Question about the sped of the global pairwise alignment of Bio.pairwise.align.globalms and Align.PairwiseAligner()

1

Entering edit mode

3.1 years ago

master_zhen ▴ 10

Hi!

I have two long DNA sequence, and I want to do the global pairwise alignment with needleman-wunsch algorithm. But sometimes Bio.pairwise.align.globalms could run a long time.

In this situation, I choose set one_alignment_only=1. And it could speed up to some extent. Thus, I see some posts said Align.PairwiseAligner() may be faster than that of the previous one. Is that true? If not, can anyone give some function like Bio under python? Thanks

Also, some related questions :

(1) If the program run a long time for one sample, how could I know whether this sample's data is complete. I mean not the the error of the bam file waste the time.

(2) Can Align.PairwiseAligner() quickly get the query sequence? Like alignments[0].seqB in the Bio.pairwise.align.globalms.

(3) Can Align.PairwiseAligner() just recover one result? Or to say set "one_alignment_only=1" in Align.PairwiseAligner()

Thanks!

Python pairwise global aignment • 1.4k views

ADD COMMENT • link 3.1 years ago by master_zhen ▴ 10

score 2 · Accepted Answer · 2021-03-16

2

Entering edit mode

3.1 years ago

master_zhen ▴ 10

The answer is yes. Align.PairwiseAligner() is much much faster than that of Bio.pairwise.align.globalms.
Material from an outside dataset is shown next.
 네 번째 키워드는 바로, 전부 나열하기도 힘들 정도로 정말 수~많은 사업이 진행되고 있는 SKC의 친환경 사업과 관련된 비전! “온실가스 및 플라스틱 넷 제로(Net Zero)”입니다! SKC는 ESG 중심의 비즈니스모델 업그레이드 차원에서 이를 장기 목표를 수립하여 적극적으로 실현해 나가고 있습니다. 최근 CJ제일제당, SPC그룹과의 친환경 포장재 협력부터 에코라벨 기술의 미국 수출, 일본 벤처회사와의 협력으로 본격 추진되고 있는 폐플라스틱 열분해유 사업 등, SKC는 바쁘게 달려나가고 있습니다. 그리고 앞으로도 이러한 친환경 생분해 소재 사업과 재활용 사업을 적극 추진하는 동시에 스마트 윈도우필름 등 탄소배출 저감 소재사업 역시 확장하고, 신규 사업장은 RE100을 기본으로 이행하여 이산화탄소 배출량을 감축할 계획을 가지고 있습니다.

ADD COMMENT • link 3.1 years ago by master_zhen ▴ 10

score 2 · Accepted Answer · 2021-03-20

Also, here I want share my code to get the string of aligned result by Align.PairwiseAligner(). In the document, we could only print the result, and it is hard to reuse the result.

The code is that:

from Bio import Align

Seq1='agcatttggttggtgcacaagtaactgcagtttttgccattactttctacgacaaaacccgcaaatacttttgcaccaacctaata'
Seq2='cttgttggtgcaccgtagccacagcttacgacagccccgcaaatacttttgcactaccc'

aligner = Align.PairwiseAligner()
aligner.mode = 'global'
aligner.match = 5
aligner.mismatch = -4
aligner.open_gap_score = -10
aligner.extend_gap_score = -0.5
aligner.target_end_gap_score = 0.0
aligner.query_end_gap_score = 0.0
alignments = aligner.align(Seq1, Seq2)
tuple_con = alignments[0].aligned[0]
tuple_query = alignments[0].aligned[1]
tupe_num = len(alignments[0].aligned[0])



if tupe_num>0:
    collect_Seq1 = []
    collect_Seq2 = []
    for  xun1 in range(tupe_num):
        collect_Seq1.append(Seq1[tuple_con[xun1][0]:tuple_con[xun1][1]])
        collect_Seq2.append(Seq2[tuple_query[xun1][0]:tuple_query[xun1][1]])
    Over_all_con = collect_Seq1[0]
    Over_all_query = collect_Seq2[0]
    if tupe_num > 1:
        for xun2 in range(tupe_num-1):
            if (tuple_query[xun2+1][0]-tuple_query[xun2][1])*(tuple_con[xun2+1][0]-tuple_con[xun2][1])<1:
                Over_all_con = Over_all_con + '-'*(tuple_query[xun2+1][0]-tuple_query[xun2][1]) + Seq1[tuple_con[xun2][1]:tuple_con[xun2+1][0]] + collect_Seq1[xun2+1]
                Over_all_query = Over_all_query + '-'*(tuple_con[xun2+1][0]-tuple_con[xun2][1]) + Seq2[tuple_query[xun2][1]:tuple_query[xun2+1][0]] + collect_Seq2[xun2+1]
            else:
                Over_all_con = Over_all_con + '-'*(tuple_query[xun2+1][0]-tuple_query[xun2][1]) + Seq1[tuple_con[xun2][1]:tuple_con[xun2+1][0]] + collect_Seq1[xun2+1]
                Over_all_query = Over_all_query + Seq2[tuple_query[xun2][1]:tuple_query[xun2+1][0]]+'-'*(tuple_con[xun2+1][0]-tuple_con[xun2][1])  + collect_Seq2[xun2+1]
    if tuple_con[tupe_num-1][1]<len(Seq1):
        Over_all_query = Over_all_query + '-'*(len(Seq1)-tuple_con[tupe_num-1][1])
        Over_all_con = Over_all_con +  Seq1[tuple_con[tupe_num-1][1]:len(Seq1)]
    if tuple_query[tupe_num-1][1]<len(Seq2):
        Over_all_con = Over_all_con + '-'*(len(Seq2)-tuple_query[tupe_num-1][1])
        Over_all_query = Over_all_query +  Seq2[tuple_query[tupe_num-1][1]:len(Seq2)]
    if tuple_con[0][0]>0:
        Over_all_query = '-'*tuple_con[0][0]+Over_all_query
        Over_all_con = Seq1[0:tuple_con[0][0]]+ Over_all_con
    if tuple_query[0][0]>0:  
        Over_all_con = '-'*tuple_query[0][0]+Over_all_con
        Over_all_query = Seq2[0:tuple_query[0][0]] + Over_all_query
else:
    Over_all_con = Seq1+'-'*len(Seq2)
    Over_all_query = '-'*len(Seq1) + Seq2

So here Over_all_query is the aligned result of Seq2 and Over_all_con is the aligned result of Seq1.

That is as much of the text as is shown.